Лет пятнадцать назад я впервые побывал в гостях у Дмитрия Александровича Пригова. Скромная московская хрущоба, посткоммунальный уют "живого" классика. Перестройка тогда только заявила о себе. На деревянных полках красовались таблицы, в которых по ранжиру были выстроены персонажи актуальной культуры 80-х. Среди художников пост маршала занимал Илья Кабаков, в генералах ходили Булатов и Васильев...
По писательской части к высшему офицерскому составу были причислены Владимир Сорокин, Веня и Виктор Ерофеевы, Лев Рубинштейн. Честно говоря, я не помню, украшала ли скромность Дмитрия Алексаныча в те годы, и какое место он себе определил в им же установленной иерархии. Сегодня можно сказать, что маршальский жезл ему гарантирован. Причем не только по поэтическому, всегда военному округу, но и как перформансисту, как культовой фигуре середины 80-х - 90-х. В конце апреля сего года Дмитрий Алексаныч побывал в Нью-Йорке, выступал в нескольких мало литературных местах типа ирландского паба на Ист-Сайде, и публикой был принят с удовольствием.
Такова, собственно, судьба классика: поначалу его дар гоним, затем приемлем, с годами же начинает "принадлежать народу", обожествляясь по мере надобности культуры в ее мифологических героях.
Дмитрий Апексаныч всех многочисленных знакомых величает по имени-отчеству, тем самым доказывая, что возможности памяти неограниченны.
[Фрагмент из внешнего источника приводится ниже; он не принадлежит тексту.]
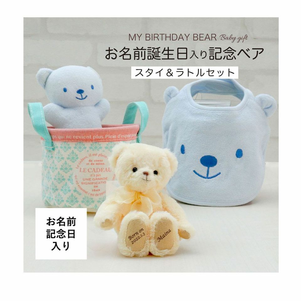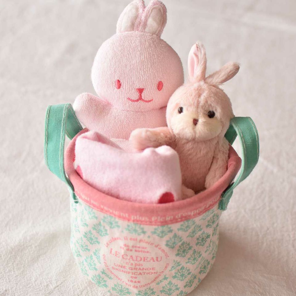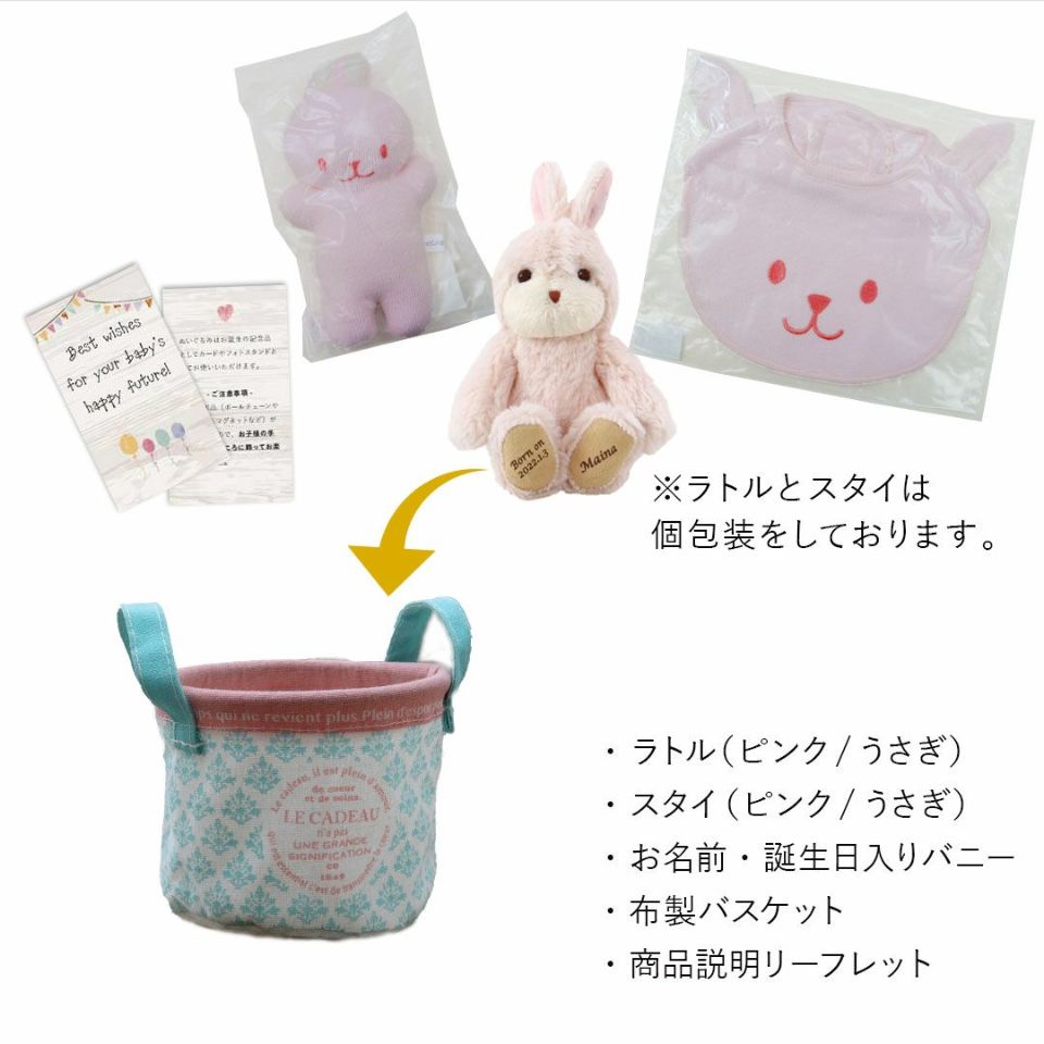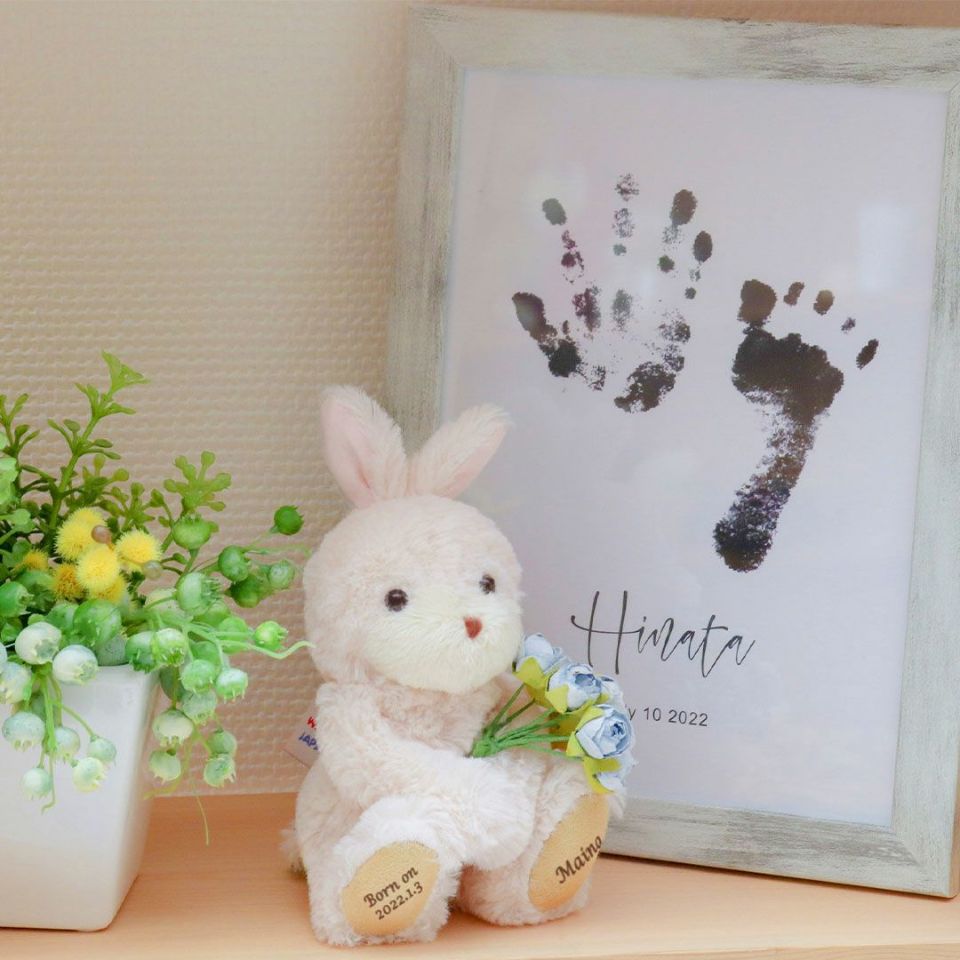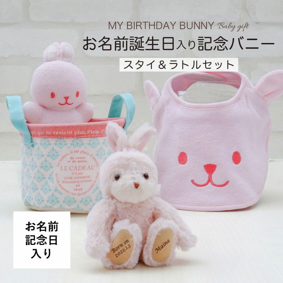 お誕生のよろこびを 小さなバニーに込めて贈ろう ミニバニーの足裏に、誕生した日と赤ちゃんのお名前をプリントした、世界に一つだけの特別な記念品です。 かわいい手のひらサイズちょこんと飾ったり、ボールチェーンで持ち物につけたり。置く場所を選ばず飾っていただけ、目にするたびに生まれたときの喜びを思い出させてくれます。 かわいいウサギさんのスタイとベビーラトル付き やさいいウサギさんをイメージしたデザインのスタイとラトル(ガラガラ)。ラトルは降ると音が鳴るかわいくて楽しいベビーグッズ。ホルマリン検査済みの柔らかなタオル素材なので、パパママも安心の赤ちゃんのお友達です。スタイとベビーラトルは通常の洗濯洗剤でお洗濯できます。(ミニバニーは洗濯できません)

Такое вот негласное соперничество со Сталиным, который также помнил всех по именам и фамилиям. Здесь мне видится жирный намек на повышение, уготованное Пригову в современной русской литературе - генералиссимус.
- Дмитрий Алексаныч, какими судьбами вы в Нью-Йорке?
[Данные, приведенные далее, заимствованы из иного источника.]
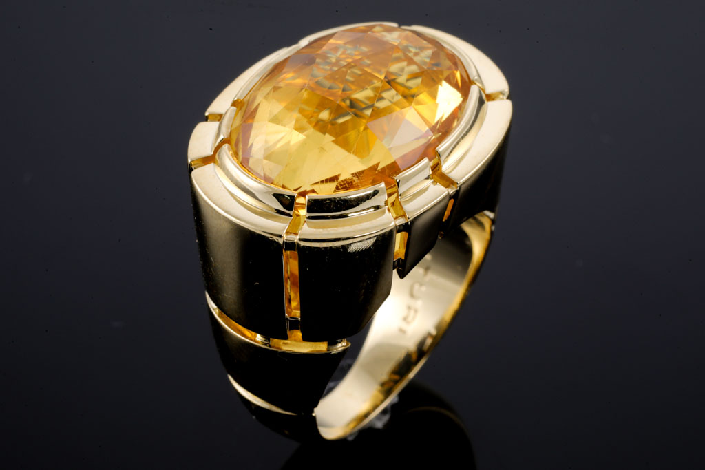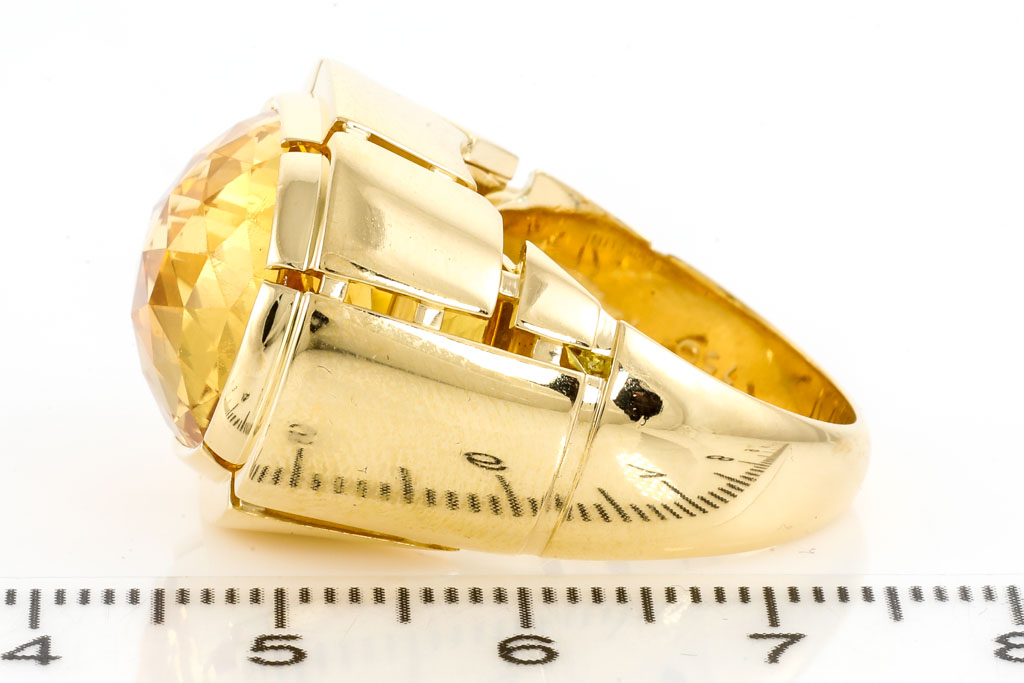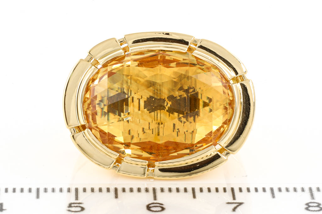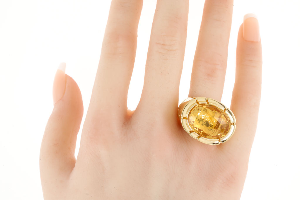 Canturi Citrine ring with oval shape Citrine of approximately 14.05ct. 18ct yellow gold. Ring size R - ring resizing is not recommended. Weight: 25.9g. (Pre-owned)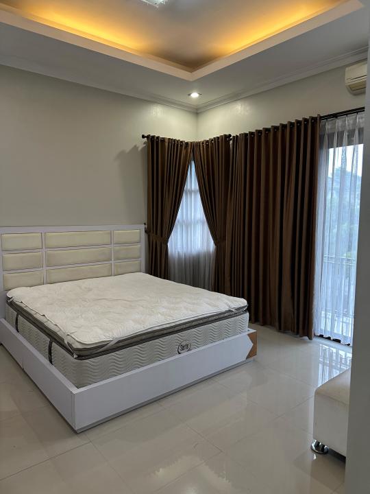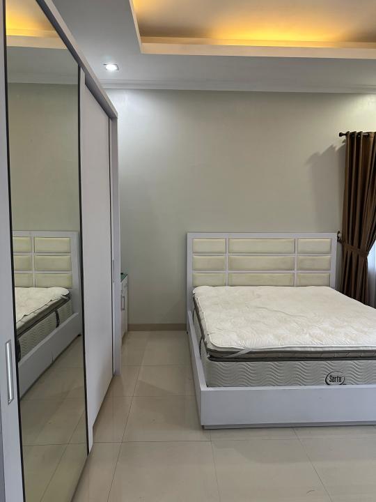 Sofa bed 2 unit, TV 2 unit, ranjang 3 unit, AC 5 unit, Meja makan, dapur full furnish, dispenser, kulkas.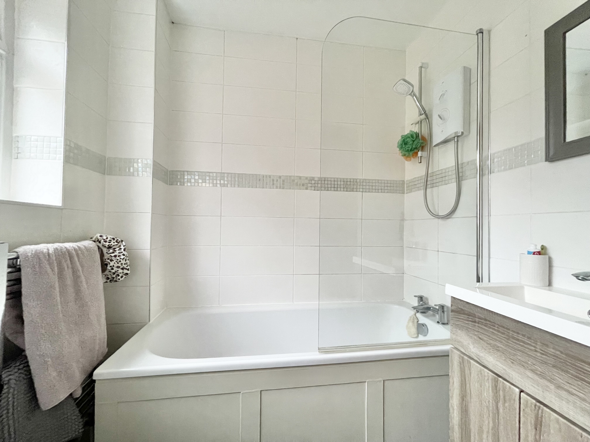 BATHROOM: Close coupled WC, wash hand basin, panelled bath with electric shower, heated towel rail, obscure double glazed window to the rear.

- Судьбами самыми простыми. Вы ведь знаете, Геннадий Наумович, в одном месте можно выступить раз в год. Соответственно получается жизнь цыгана. Вот я и мотаюсь по белу свету, тем более что вовлечен в литературу, музыкальный перформанс и изобразительное искусство.
Еще и в кино снимаюсь. В последнем фильме Германа "Хрусталев, машину!" я сыграл роль врача-вредителя. Герман человек явно неординарный, и это был очень приятный опыт работы с ним. Он меня пригласил, увидев на совместном выступлении с Сергеем Анатольевичем Курехиным, ныне, к сожалению, уже покойным.
Вот. Так что эта моя активность позволяет мне куролесить по миру. Я приехал в Нью-Йорк после выступления с лекциями в университетах нескольких штатов.
- Вы читали лекции по-английски? Я знаю, вы прекрасно говорите по-немецки, а как у вас с английским?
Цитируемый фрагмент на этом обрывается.